Using the relation $$E = \frac{{hc}}{\lambda }$$ equation can be used to calculate the change in wavelength of the photon leading to:

(6.4)$\Delta \lambda = {\lambda _f} - {\lambda _i} = \frac{h}{{mc}}\left( {1 - \cos (\theta )} \right)$

The expression $$\frac{h}{mc}$$ is called the Compton wavelength.

## 6.2. Experimental Procedure¶

Fig. 6.2 shows your experimental setup. The source is strong 137Cs source that is housed in a lead cylinder with an opening that you instructor needs to open and close. Target is an aluminum cylinder which can be removed. The detector is a NaI(Tl) scintillation detector that you probably have used previously and should be setup as described in the Scintillator experiment.

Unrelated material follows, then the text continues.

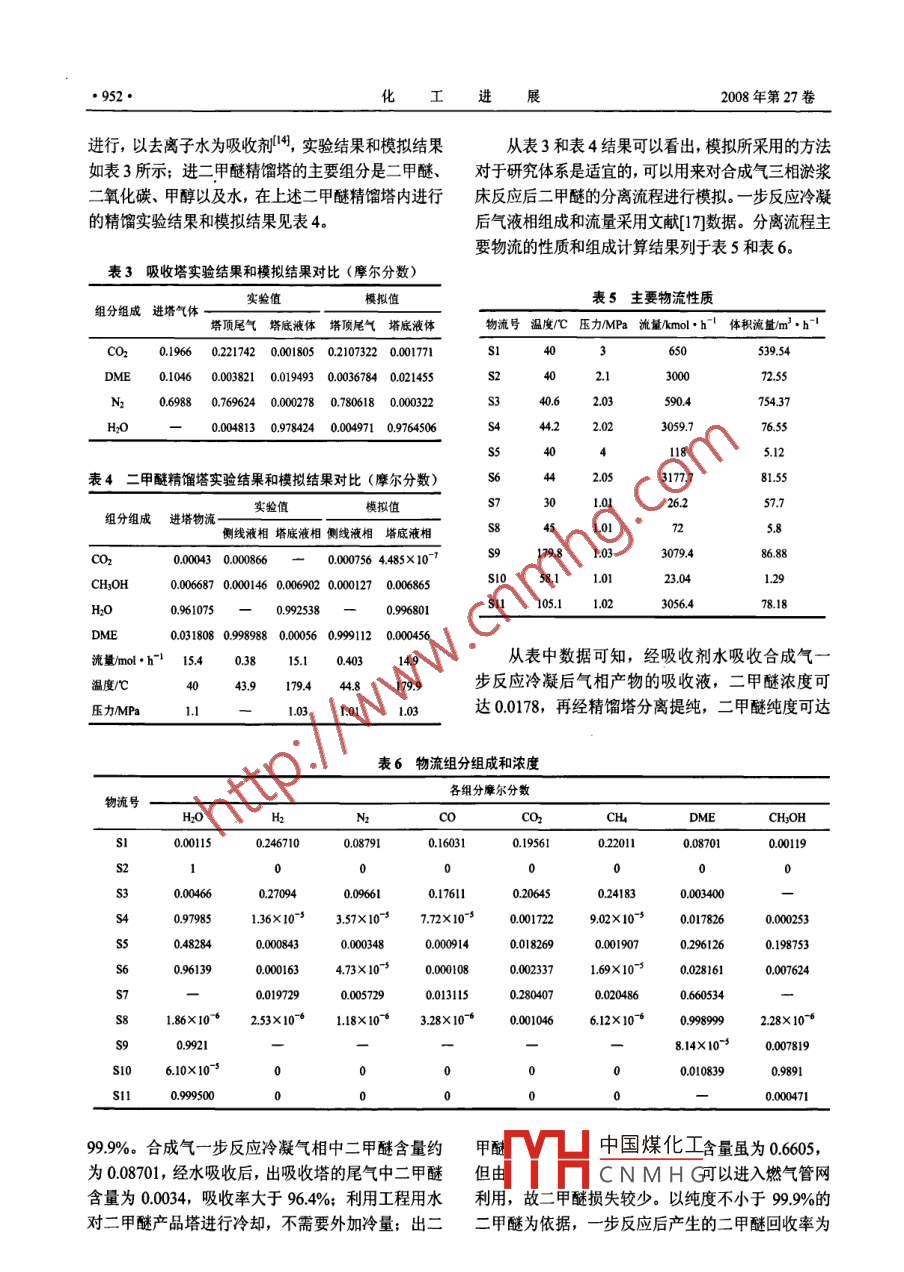 化工進(jìn)展2008年第27卷第6期CHEMICAL INDUSTRY AND ENGINEERING PROGRESS應(yīng)用技術(shù)合成氣一步法制二甲醚的一種分離流程韓媛媛1,張海濤’,應(yīng)衛(wèi)勇,房鼎業(yè)1(華東理工大學(xué)化學(xué)工程聯(lián)合國家重點(diǎn)實(shí)驗(yàn)室,大型工業(yè)反應(yīng)器工程教育部工程研究中心,上海200372華僑大學(xué)化工系,福建泉州362021)摘要:針對(duì)合成氣一步法制備二甲醚的工藝略線,在進(jìn)行了二甲醚吸收和精餾的實(shí)驗(yàn)基礎(chǔ)上,提出了用水吸收一步反應(yīng)冷凝后氣相產(chǎn)物中的二甲醚的分離工藝流程:反應(yīng)冷凝液相與吸收后的液體混合后進(jìn)入二甲醚精餾塔二甲醚產(chǎn)品從精餾塔側(cè)線引岀,塔底甲醇和水去甲醇精餾塔.在實(shí)驗(yàn)教據(jù)的基礎(chǔ)上,對(duì)二甲醚分離工藝流程進(jìn)行了模擬計(jì)算關(guān)鍵詞:合成氣一步法;二甲醚;分離;模擬計(jì)算中圖分類號(hào):TQ013文獻(xiàn)標(biāo)識(shí)碼:A文章編號(hào):1000-6613(2008)06-0949-05eparation process of dimethyl ether synthesized by one-step methodfrrom syngasHAN Yuanyuan 2, ZHANG Haitao, YING Weiyong, FANG Dingye( State Key Laboratory of Chemical Engineering, Engineering Research Center of Large Scale Reactor Engineering andTechnology, Ministry of Education, East China University of Science and Technology, Shanghai 200237, China;Department of Chemical Engineering, Huaqiao University, Quanzhou 362021, Fujian, China)Abstract: Based on the experiment of absorption and distillation of dimethyl ether (DME), theseparation process for high purity dMe was proposed for the one-step synthesis of DME from syngasThe gas mixture of condensedstep reaction resultants was absorbed by deionized water, and themixture stream of liquid from absorber and liquid stream of condensed one-step reaction resultants wasfed into the DME rectifyer. DMe was drawn from the side stream of the DME rectifier. The bottomstream containing water and methanol was then fed into the methanol rectifyer. with the experimentaldata, simulation calculation of the separation process was made for referenceKey words: one-step methed from syngas; dimethyl ether(DME); separation; simulation calculation中國是一個(gè)煤炭資源豐富而石油儲(chǔ)量相對(duì)短缺復(fù)雜。開發(fā)中的分離工藝主要采用吸收和精餾等化的國家,因此開發(fā)基于煤的液體燃料而避免對(duì)石油工單元操作過程得到純度較高的二甲醚產(chǎn)品。一種產(chǎn)品的嚴(yán)重依賴是非常必要地叫。在煤基可替代燃分離工藝是一步反應(yīng)后產(chǎn)物分為氣液兩相。Kohl料中,二甲醚由于卓越的性能而成為理想的替代燃等提出氣相產(chǎn)物被吸收劑吸收后送入解吸裝置料2。二甲醚有含氧較短的分子式,沒有CC鍵,部分二甲醚根據(jù)要求的純度,從第二精餾塔加入。有高的十六烷值和低的自燃點(diǎn)。與二甲醚有關(guān)的可 Voss Bodi等的工藝主要是液相產(chǎn)物進(jìn)入第一精替代燃料技術(shù)吸引了世界范圍內(nèi)越來越多的目光。收稿日其目前,制取二甲醚的最新技術(shù)是從合成氣直接菡建項(xiàng)中國煤化工01E02B02)及國家973制取,相比較甲醇脫水制二甲醚而言,一步法合計(jì)劃項(xiàng)目CNMHG成二甲醚因?yàn)轶w系存在有未反應(yīng)完的合成氣以及二第一作者簡介:韓媛媛(1972-),女,博士研究生。聯(lián)系人:應(yīng)衛(wèi)勇,教授,博士生導(dǎo)師,研究方向?yàn)樘家换?。電?1-6425219氧化碳,要得到純度較高的二甲醚,分離過程比較E- mail wing @ecusteducT化工進(jìn)展2008年第27卷餾塔,塔釜餾分進(jìn)入第二精餾塔,塔頂?shù)募状颊魵獠加?個(gè)可裝熱電偶的開口和5個(gè)液相取樣裝置,引入清洗系統(tǒng)來洗滌氣相產(chǎn)物,將反應(yīng)產(chǎn)物與從第見圖1。分別對(duì)應(yīng)6個(gè)溫度樣品點(diǎn)和5個(gè)組分樣品精餾塔頂?shù)玫降酿s分混合,即為燃料級(jí)二甲醚。點(diǎn)。精餾塔外部用保溫材料保溫,再沸器采用電加Sosa等的工藝是液相產(chǎn)物通過二步精餾,氣相產(chǎn)熱并裝有調(diào)節(jié)器,塔頂氣相出口裝有背壓閥,采用物與閃蒸氣一起被吸收劑洗滌除去其中的二甲醚, Agilent6820色譜儀分析氣相及液相組成。原料液經(jīng)含有二甲醚的吸收劑被送入第一個(gè)精餾塔。唐宏青計(jì)量泵從塔中部加入,調(diào)整加熱釜熱量,控制背壓等的分離流程與Kohl等相類似。Peng等提出的閥和冷凝器液相流率,使精餾過程在一定的操作壓一步反應(yīng)后分離二甲醚的改進(jìn)工藝是在洗滌塔中用力下穩(wěn)態(tài)運(yùn)行。溶劑洗滌包括二甲醚、甲醇、二氧化碳以及未反應(yīng)的合成氣混合物,回收洗滌后的洗滌液,進(jìn)行多步處理。另外的分離工藝是一步反應(yīng)混合物直接用溶劑進(jìn)行洗滌吸收,洗滌液送去精餾以獲得二甲醚產(chǎn)塔頂氣相物流品,董岱峰例、鄭丹星、田原宇等作了相關(guān)研/·塔頂液相物流究和報(bào)道。此外,美國 Air products公司2和日本NKK公司①成功地開發(fā)了用漿態(tài)床反應(yīng)器由合成氣一步法合成二甲醚的新工藝國內(nèi)研究的重點(diǎn)在催化劑和反應(yīng)器結(jié)構(gòu)方面,有關(guān)流程的研究很少。本文作者在對(duì)合成氣一步法生產(chǎn)二甲醚冷凝后氣相產(chǎn)物進(jìn)行吸收分離實(shí)驗(yàn)研究的基礎(chǔ)上1,對(duì)含二甲醚、二氧化碳、甲醇和水的進(jìn)料物流四組分溶液進(jìn)行精餾實(shí)驗(yàn)

Close to the target is an angle scale where you can read and set the scattering angle.

The goal of this experiment is to measure the energy of the scattered photons as a function of their scattering angle, to verify the expression from equation and to determine the mass of the recoiling particle.

### 6.2.1. Taking Data¶

1. Set the MCA live time to 300s. Set the detector at 0 degree and remove the target. Push the scintillator towards the target (this should not require any force) in such a way that about 1 inch sticks out of the surrounding lead ring. Place a 60Co source on the detector and take a spectrum. This spectrum will show a very prominent peak for 137Cs and the two peaks of 60Co. You will use this spectrum to calibrate the instrument. Do not change anything in the detector electronics once you measured the calibration spectrum. Now you are ready to take your data.

2. Start at and angle of 20 degrees and take a spectrum with and without target. At this angle I would recommend you accumulate events for 4 minutes.

3. Continue this procedure in steps of 20 degrees until you have reached 120 degrees. See Section 6.2.2

Remember : save all the spectra as SPE (ASCII) files. In that way you can analyze them later using the LabTools and working with MCA data package.

## 6.3. Analysis¶

Finish the derivation of equation (6.3)!

Using your calibration spectrum, determine the energy calibration (Look at the scintillator lab or documentation working with MCA data). Apply this calibration to all your spectra. From all spectra taken with the target subtract the corresponding spectrum taken without a target. Make sure the both spectra have been taken with the same lifetime, otherwise correct for the lifetime before you take the difference. This leaves you with an energy spectrum of the scattered photons only. Determine the energy of the photo peak (fit a Gaussian to the photo peak). This gives you the energy of the scattered photons. (Hint: please look in the Collection of useful tools for Python code examples that are helpful for your analysis e.g. selecting data and peak fitting)

In order to verify that equation (6.3) holds, plot the ratio $$\frac{E_0}{E_f}$$ versus $$(1-cos(\theta))$$. Then fit a line through the data. Check the offset and the slope. From the slope you can determine the mass of the recoiling particle. If the photons scatter of electrons then this should be the electron mass. How close are you ?